- Date: January 27 – February 2
- Edition: 2nd
- Category: World Series
- Draw: 32S / 16D
- Prize money: $305,000
- Surface: Carpet / indoor
- Location: Shanghai, China

Champions

Singles
- Ján Krošlák

Doubles
- Max Mirnyi / Kevin Ullyett
| Shanghai Open |

= 1997 Shanghai Open =

The 1997 Shanghai Open was a men's tennis tournament played on indoor carpet courts in Shanghai, China that was part of the World Series of the 1997 ATP Tour.

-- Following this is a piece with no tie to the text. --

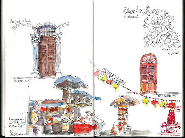 Em Chinatown, ao fim da tarde, a mistura da arquitectura com as cores predominantes aqui, vermelho e amarelo, e sempre gente, muita gente. Locais, turistas, a passar num corropio. Tempo para desenhar e beber uma Coca Cola para repor energias, com o Luís e a Birgit.
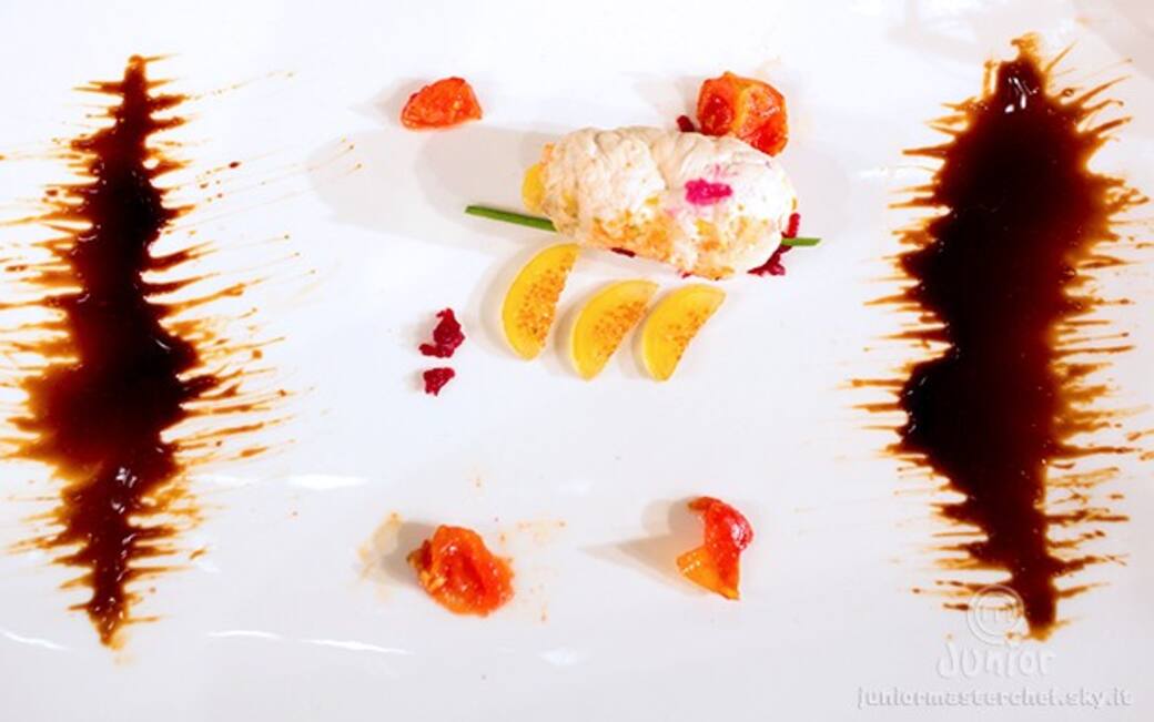 Impiattare l’involtino sopra a una spennellata di mostarda di frutta frullata e completare con dell’erba cipollina, una riduzione di aceto balsamico e un pomodorino caramellato.

It was the second edition of the tournament and was held from January 27 through February 2, 1997. Seventh-seeded Ján Krošlák won the singles title.

==Finals==
===Singles===

SVK Ján Krošlák defeated RUS Alexander Volkov 6–2, 7–6^{(7–2)}
- It was Krošlák's only title of the year and the 2nd of his career.

===Doubles===

BLR Max Mirnyi / RSA Kevin Ullyett defeated SWE Tomas Nydahl / ITA Stefano Pescosolido 7–6, 6–7, 7–5
- It was Mirnyi's only title of the year and the 1st of his career. It was Ullyett's only title of the year and the 1st of his career.